- Required action
The material below has pictures in it. Set down only the lines from the line containing "В Дубоссарах чествовали" through the line containing "Kierujący prowadził nieoznakowany", word for word, and leave the pictures behind.

-*-*-

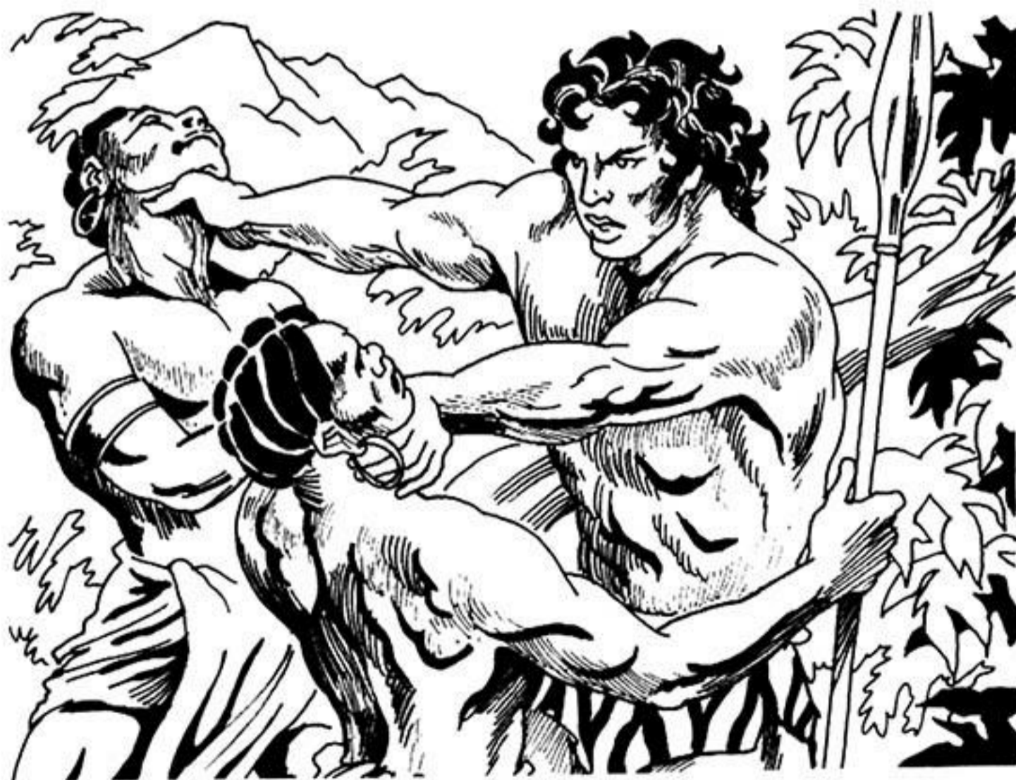
Τούς ἀρπάζει ἀπ' τό λαιμό καί τούς πνίγει.

Ὁ Γκαούρ δέν ἀργεῖ νά συνέλθει. Ὁ Πικ τοῦ δείχνει τό
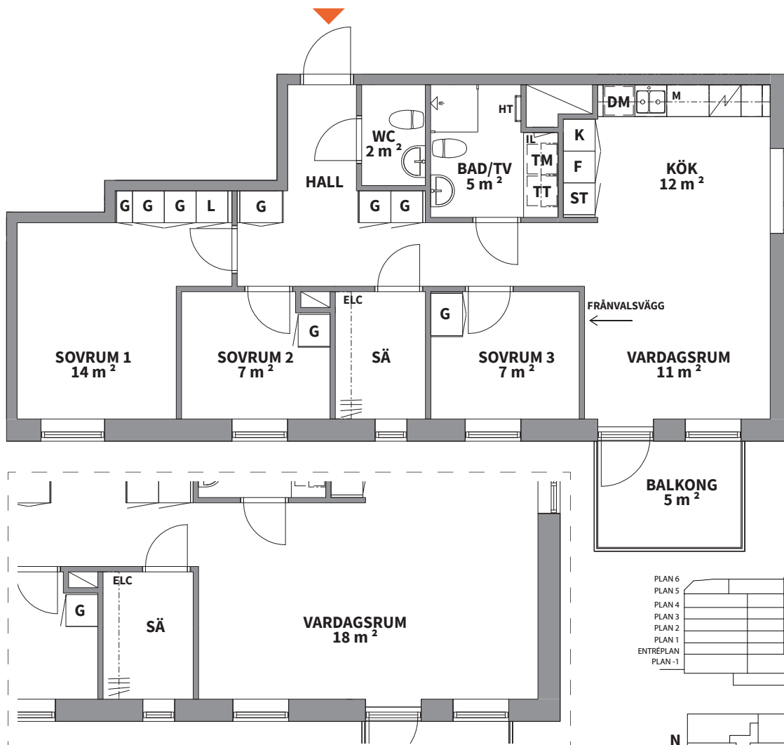
ALTERNATIV VID FRÄNVAL AV VÄGG
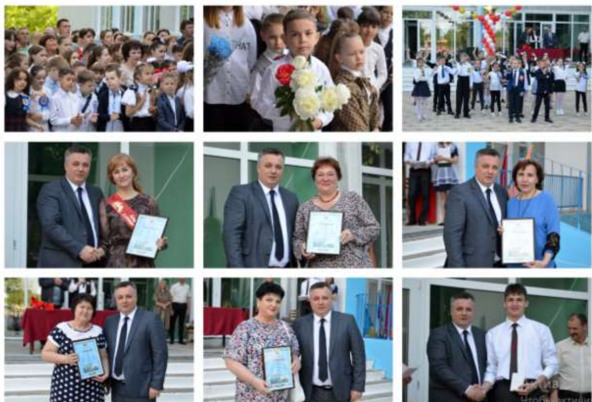
В Дубоссарах чествовали медалистов. Церемония чествования медалистов прошла на площади Победы. В этом году школу окончили 120 ребят. 26 из них – медалисты. 10 выпускников получили золотые медали, 16 – серебряные.
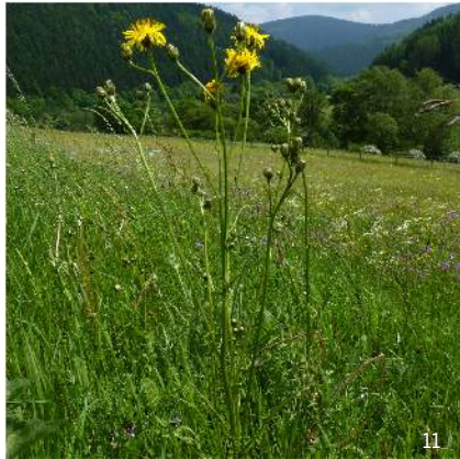
Wiesen-Pippau ( Crepis biennis )
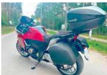
Kierujący prowadził nieoznakowany motocykl i to zwróciło uwagę policjantów

Pomimo surowych konsekwencji grozących za prowadzenie pojazdów w stanie nietrzeźwości wciąż znajdują się kierowcy, którzy lekceważą obowiązujące przepisy narażając siebie i innych uczestników ruchu drogowego na niebezpieczeństwo. Wśród tych nieodpowiedzialnych kierowców znalazł się kierujący motocyklem, który prowadząc bez tablic rejestra-

-*-*-

- Expected answer
В Дубоссарах чествовали медалистов. Церемония чествования медалистов прошла на площади Победы. В этом году школу окончили 120 ребят. 26 из них – медалисты. 10 выпускников получили золотые медали, 16 – серебряные.
Wiesen-Pippau ( Crepis biennis )
Kierujący prowadził nieoznakowany motocykl i to zwróciło uwagę policjantów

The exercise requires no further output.